If DataNode increases, then do we need to upgrade NameNode?
NameNode is the single component of Hadoop cluster that should be well planned and should NOT run on commodity hardware as opposed to data nodes. It should be deployed on reliable hardware as it is the centrepiece of HDFS.
Also known as Master node the Namenode stores meta-data i.e. number of Blocks, their location, replicas and other details. This meta-data is available in memory in the master for faster retrieval of data it also maintains and manages the slave nodes, and assigns tasks to them. Below listed are the main function performed by NameNode:
Having said that the addition of extra data nodes doesn't necessarily need you to upgrade your namenode. The Namenode should have enough memory (RAM) to store the metadata in memory for faster access. See HW document on Namenode Heap size setting
Depending on the number of files stored on your namenode Hortonworks recommends a maximum of 300 million files on the NameNode with an approximation of 1GB to 1 million files 512 GB of memory would be more than enough.
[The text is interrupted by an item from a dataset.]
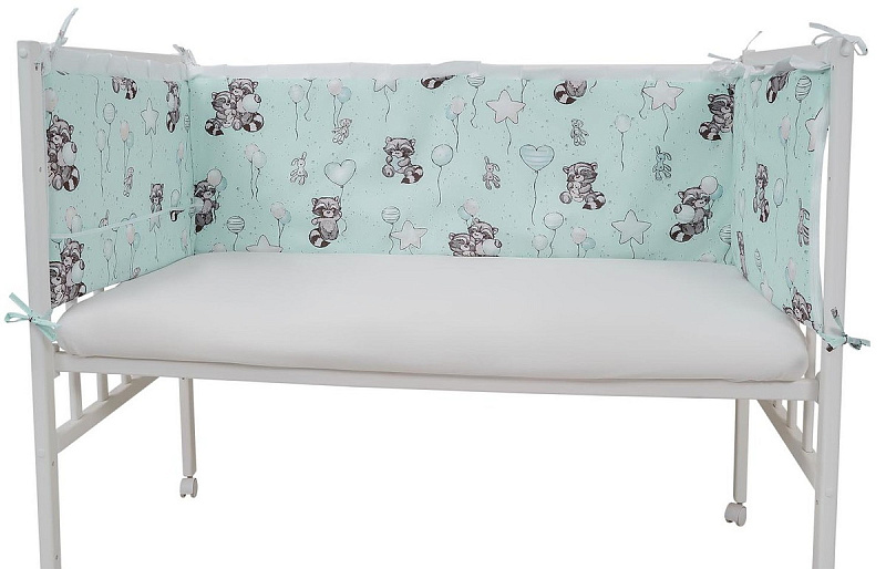 Борт в кроватку Indigo Лесные зверята из 4-х частей, с рюшкой, чехлы съемные, поплин голубой енот
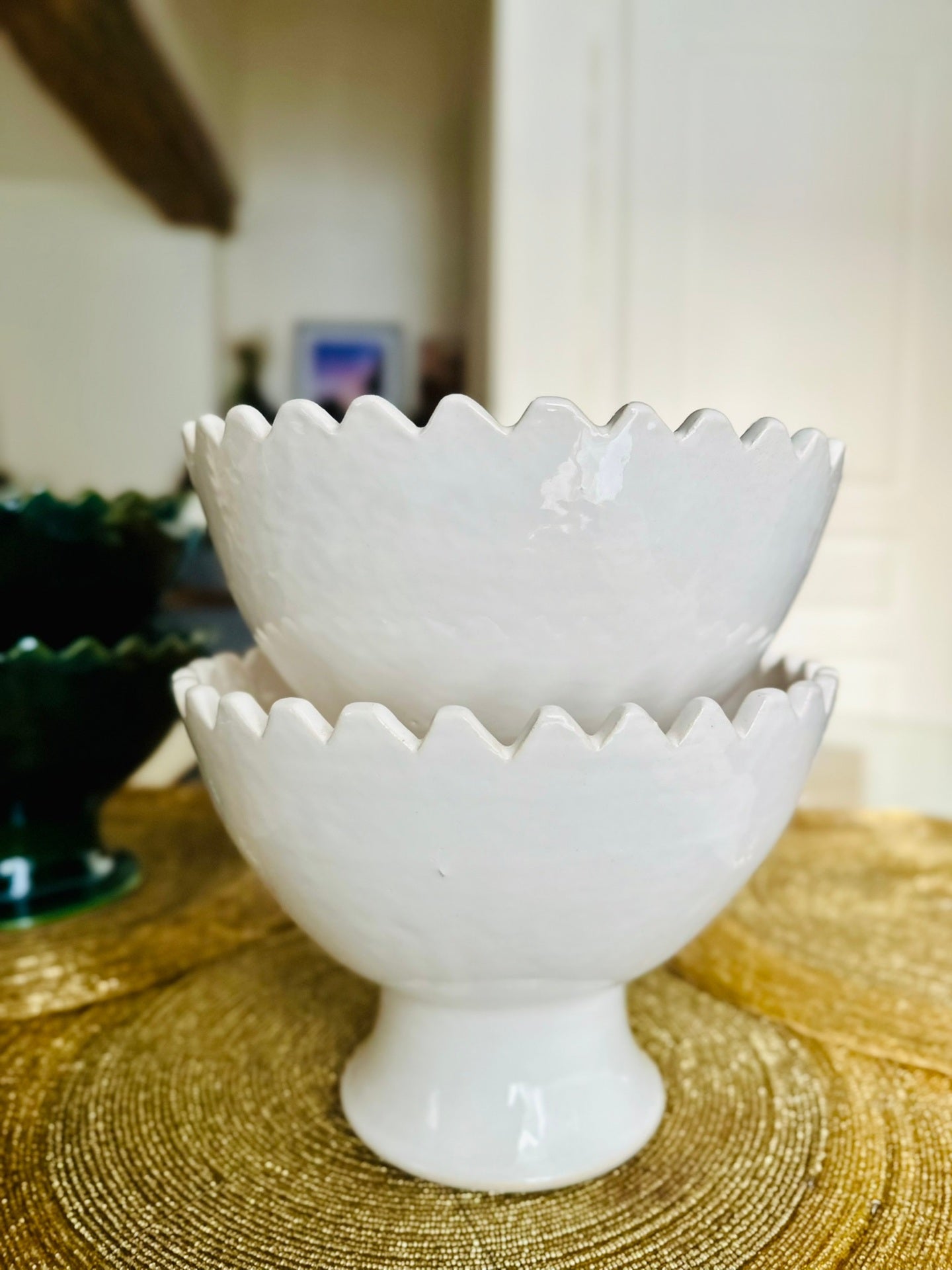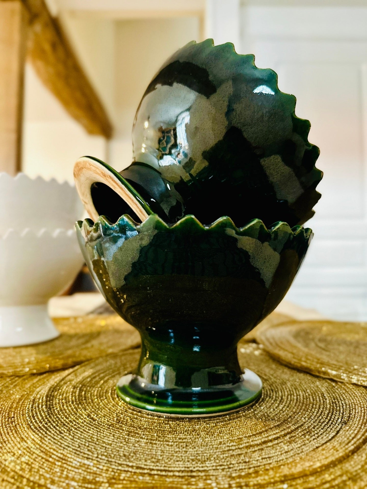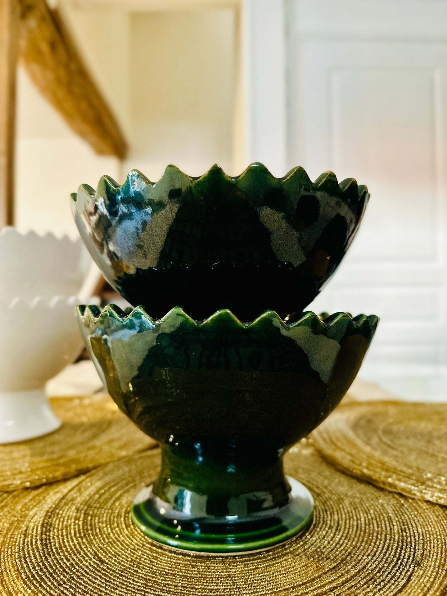 Saladier moyen blanc et vert fait main au Maroc. Apportez une touche de fraîcheur et d'artisanat à votre table avec ce saladier moyen blanc et vert, fabriqué à la main au Maroc.

The NameNode only stores the metadata of blocks in the DataNode. The NameNode utilizes 150 bytes of memory per block.
Generally, it is recommended to allocate 1 GB of memory (RAM) for every 1 million blocks.
Based on the above recommendation we can determine the requirement of NameNode while installing the Hadoop system, by considering the size of the cluster. Since the NameNode stores only the metadata it is rare that such requirement to upgrade the NameNode arise. However, there is a possibility of vertical scalability for NameNode.